A witness threatened with indictment over allegations of lying to investigators in special counsel Robert Mueller’s probe failed on Thursday in his attempt to select the judge to hear a recently filed lawsuit accusing Mueller of illegal tactics.
The witness, Jerome Corsi, an author and conspiracy theorist, appeared in federal court in Washington alongside conservative attorney Larry Klayman to argue that the suit should remain with U.S. District Court Richard Leon, who handed Klayman an attention-grabbing win five years ago in a suit over warrantless surveillance by the National Security Agency.
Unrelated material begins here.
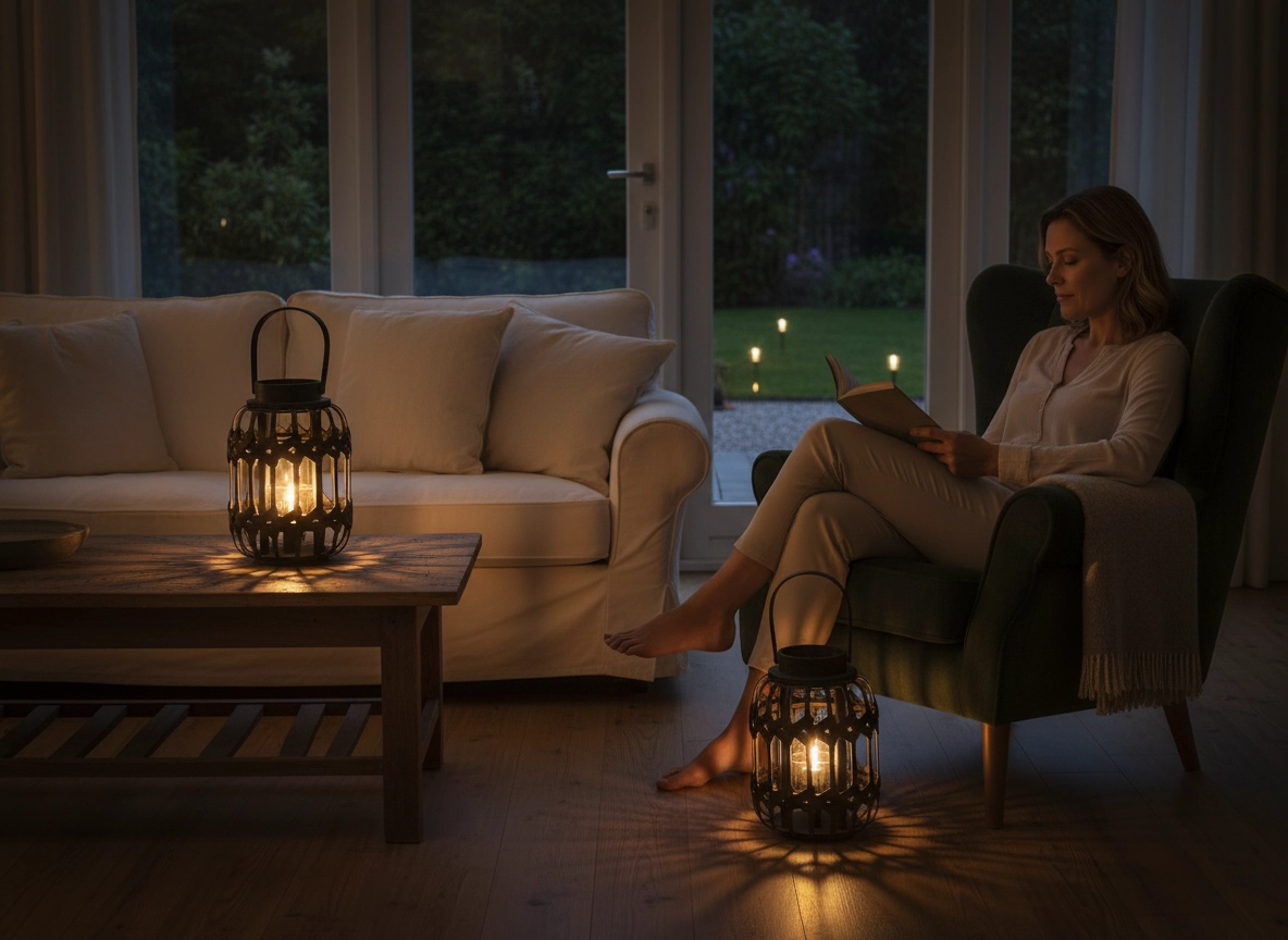 The open mesh construction creates decorative light effects, and the sturdy top handle allows you to carry or hang the lantern with ease. Perfect for a table, sideboard, terrace, balcony, or steps — anywhere you want to create a cozy lighting atmosphere.

Klayman used the brief court hearing to contend that Corsi’s complaints alleging illegal surveillance by Mueller rendered the case related to the earlier surveillance litigation in front of Leon. However, the conservative gadfly and Judicial Watch founder seemed equally intent on flattering Leon for his wisdom and fairness.
“I admire you and what you did in the past because you did stand up to the government and hold them accountable,” Klayman said. “You are the judge who understands the issues the best, having dealt with these issues previously.”
Klayman acknowledged that Leon eventually dismissed the earlier surveillance-related cases after Congress passed new legislation altering the landscape for the litigation. “I respect you greatly, nonetheless,” the conservative lawyer told the judge.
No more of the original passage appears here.